We consider that the measurement device implements a POVM using the direct sum extension. According to this, the Hilbert space \({{{\mathscr {H}}}}_s\) of the states to be discriminated is complemented with an ancilla space \({{{\mathscr {H}}}}_a\), obtaining an extended Hilbert space \({{{\mathscr {H}}}}_e={{{\mathscr {H}}}}_s\oplus {{{\mathscr {H}}}}_a\). The POVM is implemented by applying a unitary transformation U on \({{{\mathscr {H}}}}_e\) followed by a projective measurement on \({{{\mathscr {H}}}}_e\). This procedure requires adding fewer dimensions than the extension by means of the tensor product65. Let be \(d_s\) and \(d_a\) the dimensions of \({{{\mathscr {H}}}}_s\) and \({{{\mathscr {H}}}}_a\) respectively, so that the dimension of the extended system \({{{\mathscr {H}}}}_e\) is \(d=d_s+d_a\). In order to implement a POVM \(\{E_i\}\) with n elements of rank r we require \(d=rn\), so that the dimension of the ancillary system has to be \(d_a=rn-d_s\). Considering that the projective measurement on the extended system is \(\{|\,{j}\,\rangle \langle \,{j}\,|\}\), the POVM implemented has elements

$$\begin{aligned} E_i = \sum _{j=1}^r |\,{\varphi ^{(i)}_j}\,\rangle \langle \,{\varphi ^{(i)}_j}\,|, \end{aligned}$$
(4)

where \(|\,{\varphi ^{(i)}_j}\,\rangle = \sum _{k=1}^{d_s} \langle \,{ r(i-1)+j}\,|U^\dagger |\,{k}\,\rangle |\,{k}\,\rangle \) are unnormalized state. This POVM is obtained by grouping d outcomes of the projective measurement into n set of r elements, where each group represents the result of a POVM element. For optimization purposes, the unitary matrix U is parametrized in terms of an unconstrained complex matrix Z of order \(rn\times d\). Through the QR decomposition, the matrix Z is projected into an isometric matrix S, which fulfills \(S^\dagger S = I_{d\times d}\). The isometric matrix S determines d rows of U, while the remaining have to be filled with free parameters determined only up to unitarity. The construction of the matrix U is required to obtain a physical implementation of the POVM, however, in order to obtain an explicit expression of the POVM the isometric matrix S is enough. The computation of the POVM can be done efficiently by reshaping techniques. Reshaping S into a rank-3 tensor \(S_{ijk}\) of size \(n\times r\times d\), the r-rank POVM is obtained as \(E_i = M_i^\dag M_i\), where the components of the matrices \(M_i\) are \(\langle \,{j}\,|M_{i}|\,{k}\,\rangle =S_{ijk}\). For a full-rank POVM the matrices \(M_i\) have size \(d\times d\), while for an observable they have size \(1\times d\). The average error probability \(p_{err}\) can be thus regarded as a function \(f({{\varvec{z}}})\) of the complex vector \({{{\varvec{z}}}}\) whose coefficients are given by the matrix elements of Z, that is, we have \(f({{\varvec{z}}})=p_{err}({{{\varvec{z}}}})\).

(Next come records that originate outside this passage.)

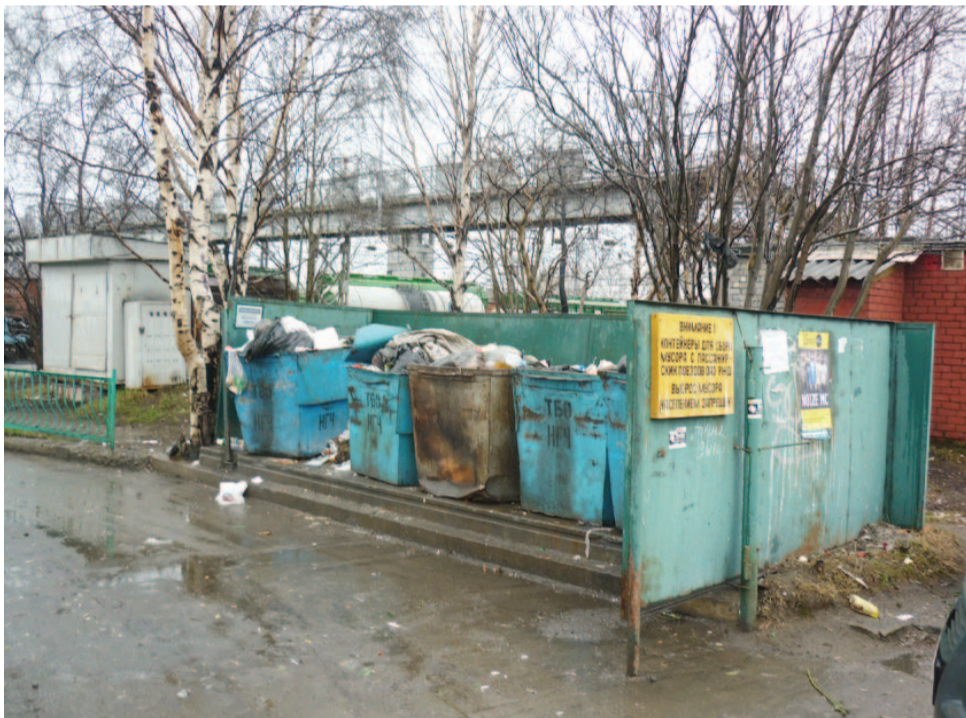
Народ присвоил этой «достопримечательности» имя руководителя железных дорог страны...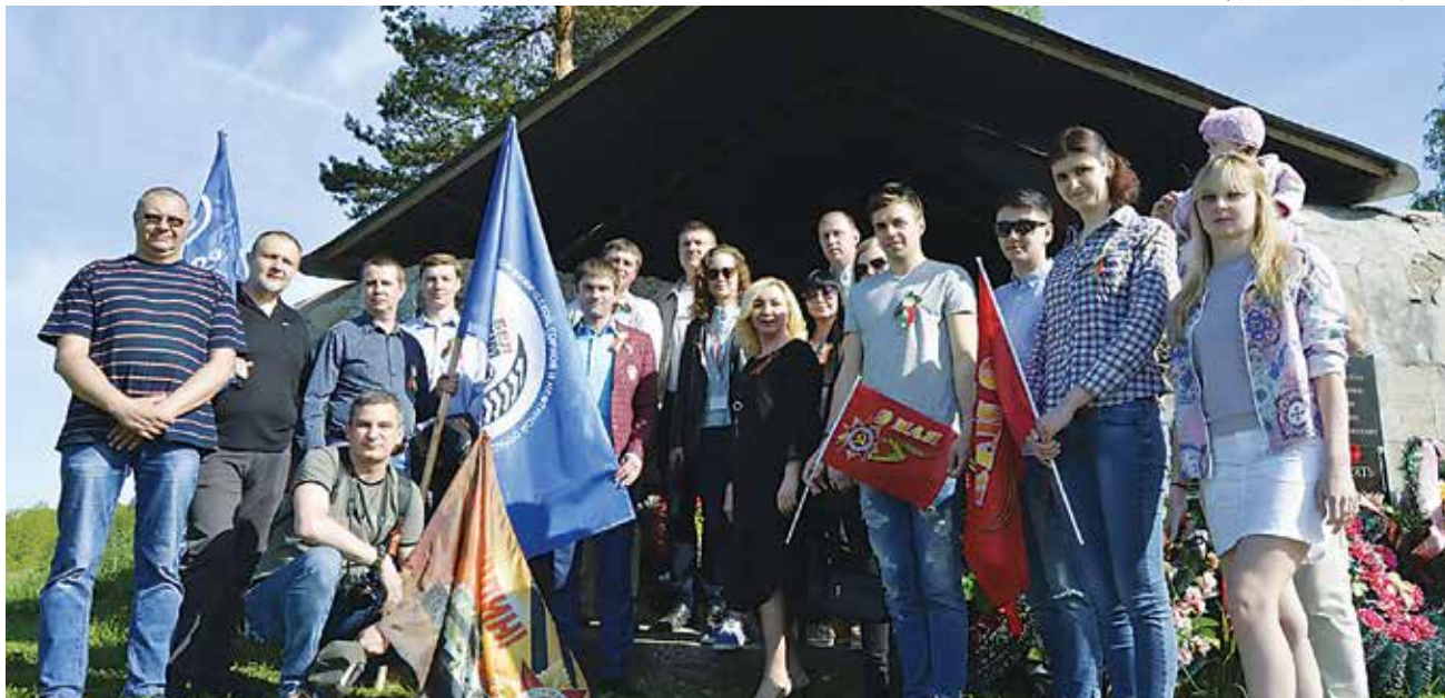
Молодежь «Полимира» на автопробеге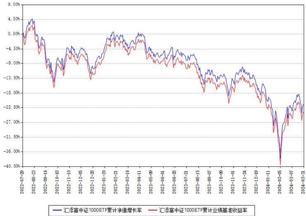
汇添富中证1000ETF累计净值增长率与同期业绩基准收益率对比图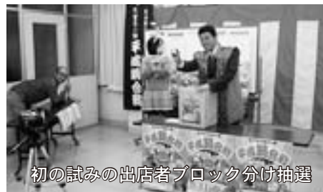
初の試みの出店者ブロック分け抽選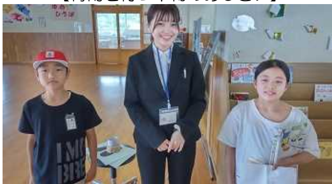
【子どもたちとパチリ！】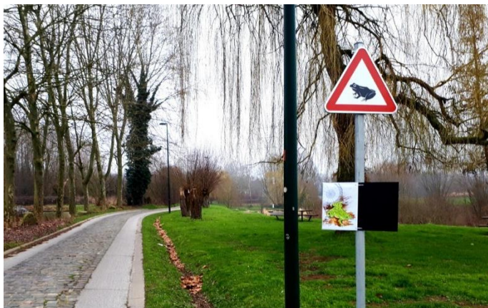
Panneaux de signalisation routiers

Les flux de population au sein même de la réserve ne sont pas étudiés, car les batraciens s'y déplacent en sécurité.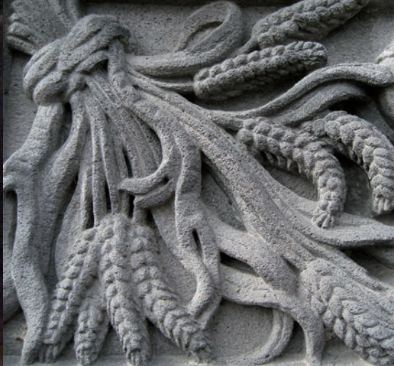
Croix de mission, détail, 1862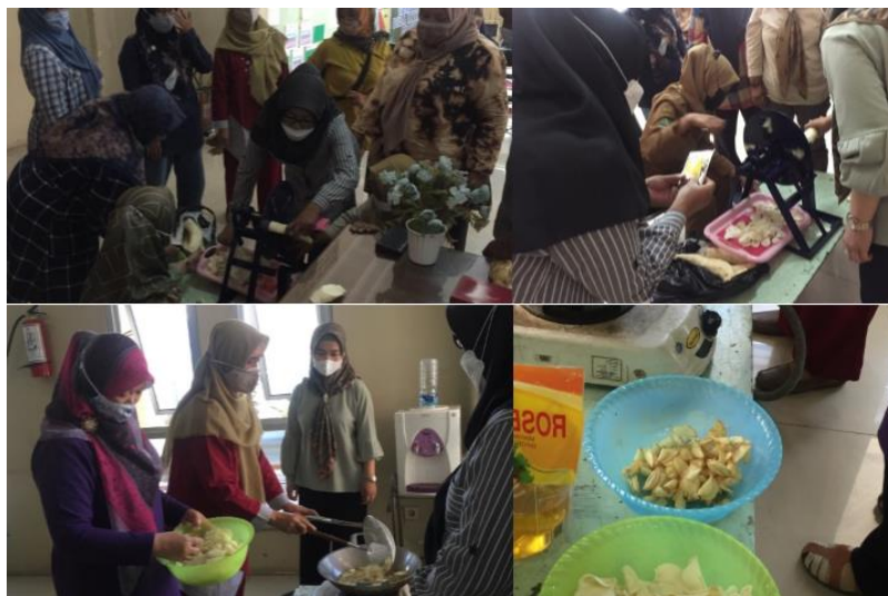
Gambar 5. Praktek Pemotongan Singkong, Praktek Penggorengana dan Keripik Singkong yang Dihasilkan

Berikutnya, para peserta mencoba untuk praktek menggunakan alat tersebut. Di sini dapat dilihat bagaimana antusiasme ibu-ibu PKK dalam mengikuti kegiatan ini. Setiap peserta mengikuti arahan dengan satu tangan mengarahkan singkong dan satu tangan lainnya memutar tuas sehingga singkong tersebut terpotong. Dalam satu putaran tuas, peserta mampu menghasilkan 4 irisan, sehingga 1 singkong yang panjangnya sekitar 15 cm akan membutuhkan waktu sekitar 1 menit pengerjaan. Hal ini cukup membuktikan jika waktu proses pemotongan singkong sangat cepat dibandingkan dengan alat pemotong singkong sederhana lainnya, seperti gambar 1, yang menghabiskan waktu 1,5 menit (Arif dkk., 2013). Selain itu, irisan yang dihasilkan sangat konsisten. Kemudian setelah proses pemotongan, peserta langsung melakukan tahap selanjutnya yaitu penggorengan dan pembumbuan dengan alat dan bahan yang disediakan. Kegiatan praktek ini dapat dilihat pada Gambar 5 berikut.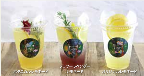
ボタニカルレモネード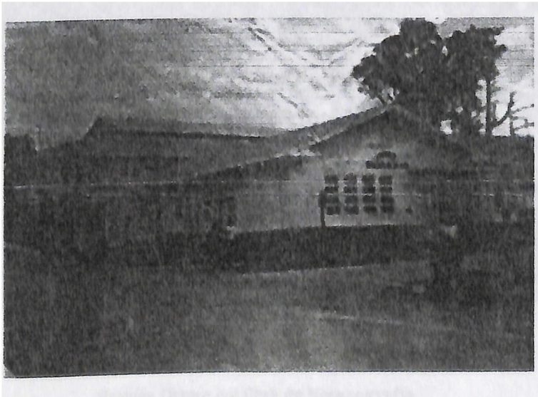
Escuela Otilio Ulate Blanco, Institución donde sus labores el colegio.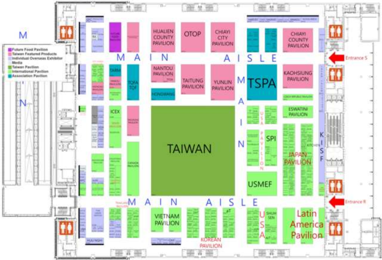
台北南港展覽館2館 Taipei Nangang Exhibition Center, Hall 2 四樓平面圖 4th Floor Plan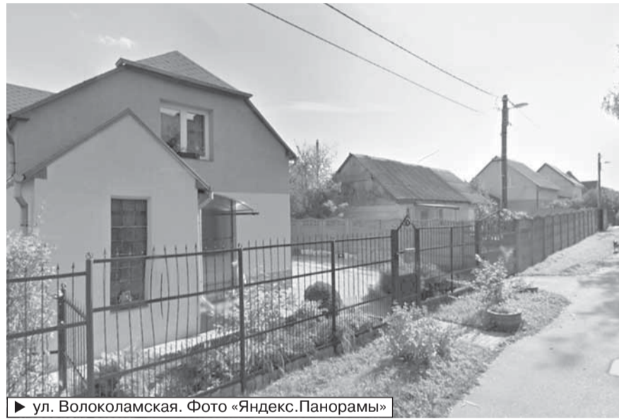
► ул. Волоколамская.

В границах СНТ «Пищевик» и «Железнодорожник» находят новые участки для строительства.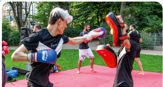
Thai-Boxen 18:00 Uhr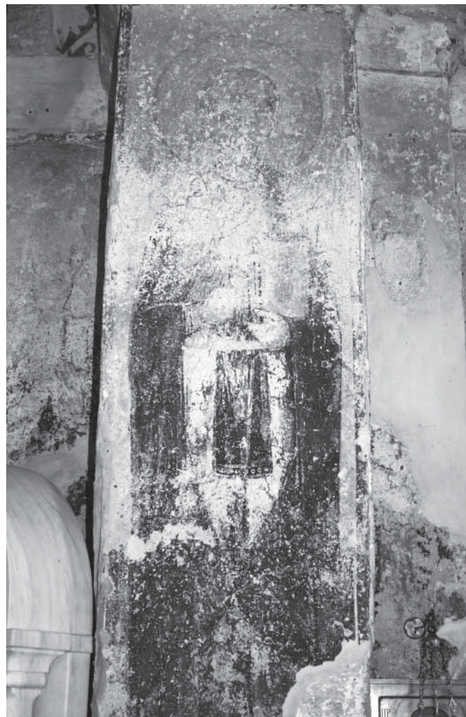
Сл. 10. Свети Јован Каливић, југозападни пиластар наоса Fig. 10. Saint Jean Kalybitès, pilastre Sud-Ouest du naos

У доњој зони западног и северног зида западног травеја налазе се остаци три композиције, оштећене у великом степену. На јужној и северној страни западног зида (сл. 7) приказане су сцене које су по структури међусобно врло сличне, будући да обе представљају пренос моштију неке личности. 38 Најслабије је очувана трећа представа, смештена на северни зид западног травеја, која приказује смрт или опело неке личности. 39 Те композиције, несумњиво значајне за датовање и разумевање градачког живописа у целини, идентификоване су у досадашњој литератури на различите начине. 40 Нажа-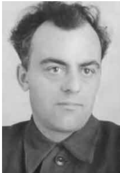
В. И. Муравленко в период работы на Сахалине. 1940-е гг.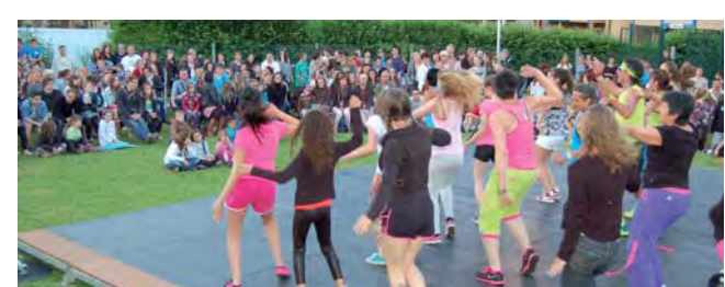
Les jeunes de Gaïa font le show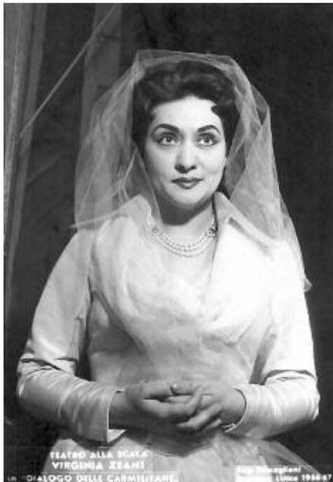
(Folytatás a 3. oldalról)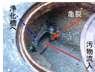
流入管の亀裂による汚水の地下水汚染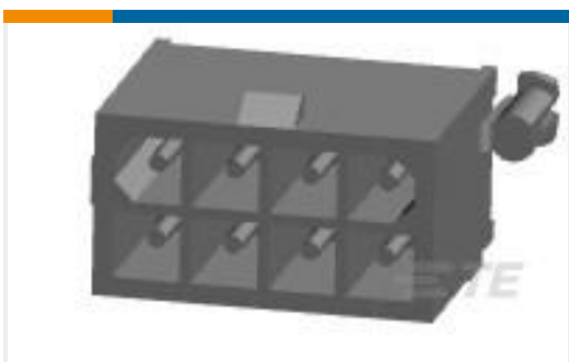
TE 产品编号794073-2 08P MINI UMNL HDR W/O DH AU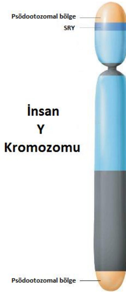
Şekil 2. Y kromozomu üzerinde, SRY ve psödootozomal bölgenin yakınlığı.

Erkek cinsiyetine ait yapıların şekillenmesini sağlayan SRY geninin, Y kromozomuna ait genetik materyal alışverişinin yoğun olduğu psödootozomal bölgeye yakın oluşu nedeniyle (Şekil 2); Y kromozomundan X kromozomu üzerine aktarılması muhtemeldir.

We assume that neither Alice nor Bob knows the states in \(\Omega _2\). Therefore, we cannot numerically evaluate the error probability \(p_{err}\) or its derivatives. Besides, given that we consider POVMs implemented by direct sum extension, the shift parameter rule can not be applied to evaluate the gradient66,67. Nevertheless, the error probability \(p_{err}\) can be evaluated experimentally, which allows us to overcome this problem with a gradient-free optimization algorithm. We use the Complex simultaneous perturbation stochastic approximation (CSPSA)56,57,58. This is based on the iterative rule

$$\begin{aligned} {{{\varvec{z}}}}_{k+1}={{{\varvec{z}}}}_{k}-a_k{{{\varvec{g}}}}_{k} \end{aligned}$$
(5)

where \({{{\varvec{z}}}}_k\) is a complex vector in the control parameter space at the k-th iteration, \(a_k\) is a positive gain coefficient, and \({{{\varvec{g}}}}_{k}\) is an approximation of the gradient of the figure of merit \(f({{{\varvec{z}}}})\) whose components are given by

$$\begin{aligned} g_{k,i}=\frac{f({{{\varvec{z}}}_{k,+}})-f({{{\varvec{z}}}_{k,-}}) +\zeta _{k,+}-\zeta _{k,-}}{2c_k\Delta ^*_{k,i}}. \end{aligned}$$
(6)

In the expression above, the quantities \(f({{{\varvec{z}}}_{k,+}})\) and \(f({{{\varvec{z}}}_{k,-}})\) are the values of the figure of merit on the vectors

$$\begin{aligned} {{{\varvec{z}}}_{k,\pm }}={{{\varvec{z}}}_{k}}\pm c_k\Delta _k, \end{aligned}$$
(7)

where \(c_k\) is a positive gain coefficient and \(\Delta _k\) is a vector whose components are randomly generated at each iteration from the set \(\{1,-1,i,-i\}\). CSPSA allows for the existence of noise \(\zeta _{k,\pm }\) in the evaluations \(f({{{\varvec{z}}}_{k,\pm }})\).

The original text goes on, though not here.